The advertising rule book is changing. Although flashes of boobs and bottoms to sell everything from swimwear to toothpaste are still obligatory, another element has been added to the advertising mix. It seems that nowadays any self-respecting marketing agency won’t issue an ad unless potty humour is involved.

Apparently the sight of a gormless man sitting on a toilet and clutching a tablet computer should somehow spur me to want to purchase the services on offer- Claire Bonello

If your ad doesn’t contain any lavatorial jokes or reference to bodily functions (preferably with accompanying pictures) there’s a very good chance that it won’t be considered as attention-grabbing enough. If, on the other hand, you manage to insert some toilet jokes or references, you’re deemed worthy of advertising gold and considered to be the creative brains behind a cutting-edge campaign which will be rolled out across the country.

I get to think about this every time I’m stuck in traffic and come across those billboards advertising the wares of a particular internet service provider.

Apparently the sight of a gormless man sitting on a toilet and clutching a tablet computer should somehow spur me to want to purchase the services on offer. The Youtube version of the advert is even more uninspiring.

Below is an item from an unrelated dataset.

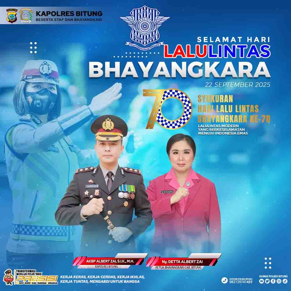 Bitung – Dalam rangka memperingati Hari Lalu Lintas Bhayangkara ke-70 yang jatuh pada 22 September 2025, Kapolres Bitung AKBP Albert Zai, SIK., MH bersama jajaran staf dan Bhayangkari menyampaikan ucapan selamat sekaligus apresiasi kepada seluruh personel lalu lintas.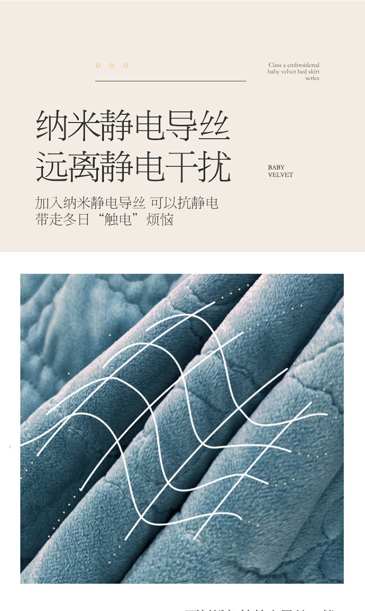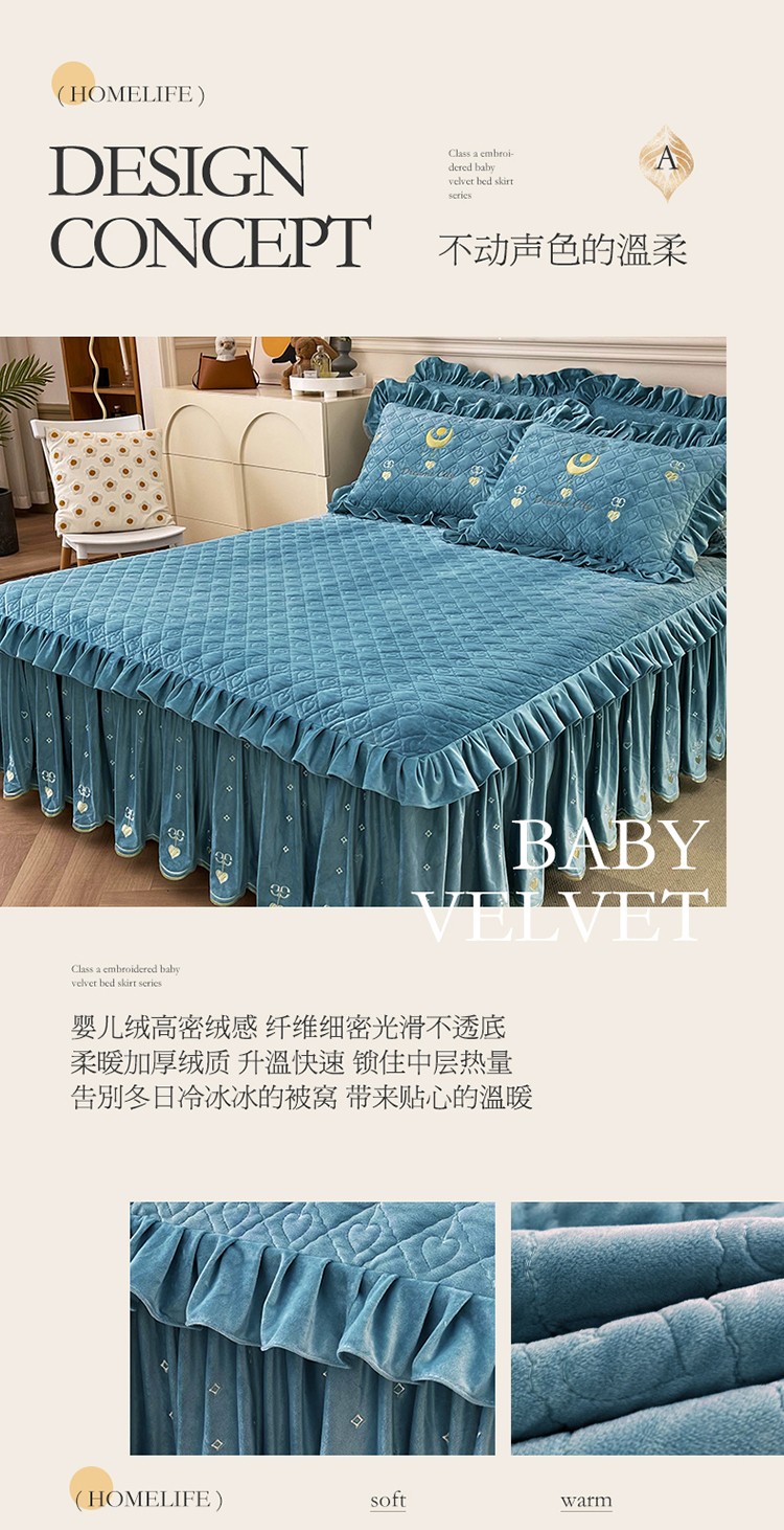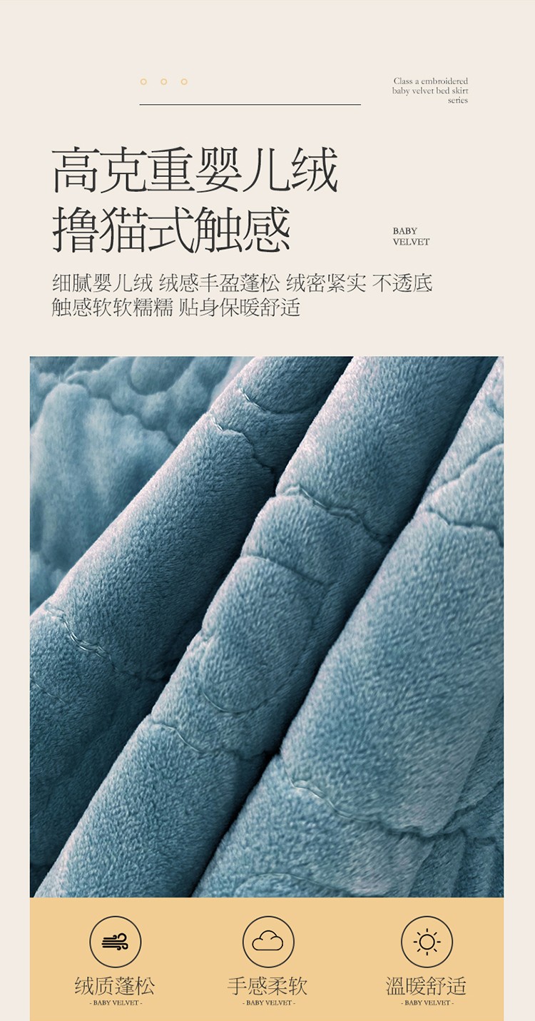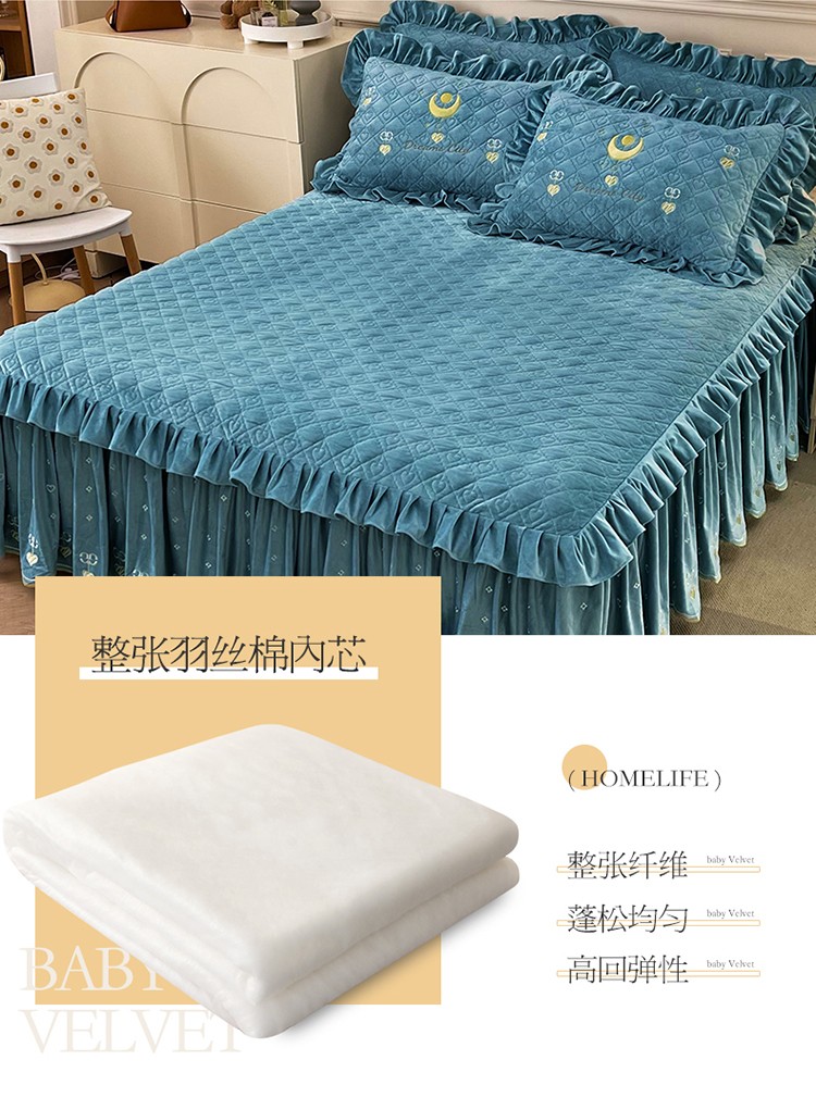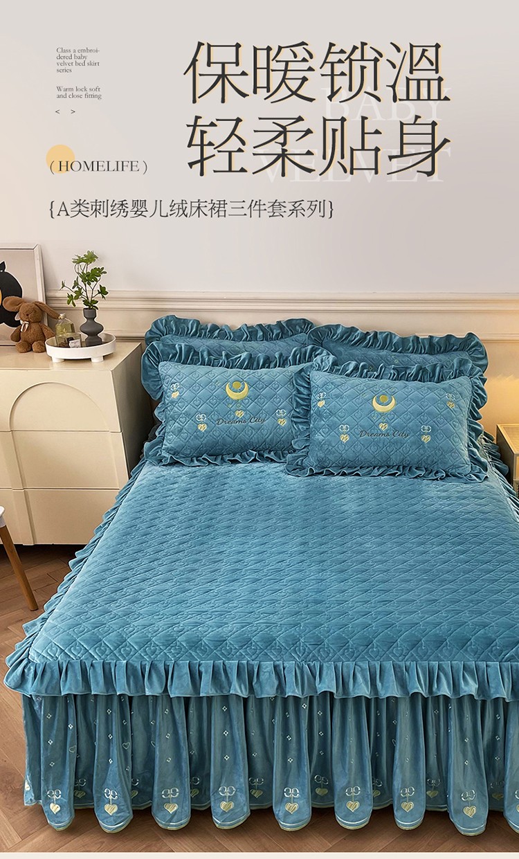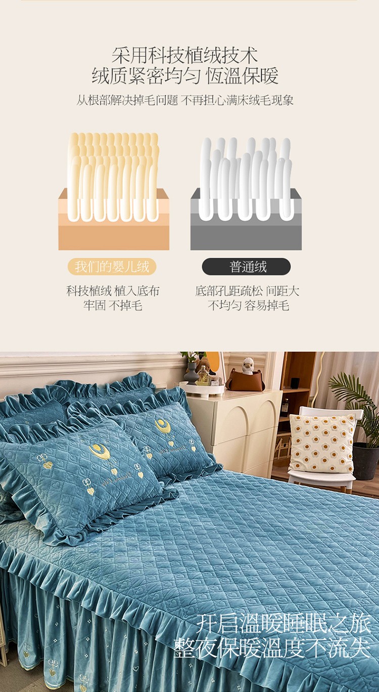 商品名称:宜凡家纺2022新款A类婴儿绒床裙星悦系列三件套星悦-海盐蓝

The same man – wearing oversized geeky glasses – enters a toilet booth, drops his trousers and pants and shouts his way to blissful release. The person in the next booth and the janitor mopping up outside overhear his groaning and come to the obvious conclusion considering the circumstances. But all the excited When-Harry-Met-Sally-type moans coming from inside the toilet booth are not the result of a bowel movement but simply the happy yelling of a football fan watching a match on his tablet computer. Well. If this was a performance, I’d expect the audience to clap very, very slowly.

It’s not that I find the ad particularly offensive. I’m not going to be reaching out for the smelling salts because of the mild visual irritant of seeing a huge billboard plastered with the picture of a man on the loo. But I can’t see how ads of this sort are going to fire me up and have me salivating for the products or services advertised.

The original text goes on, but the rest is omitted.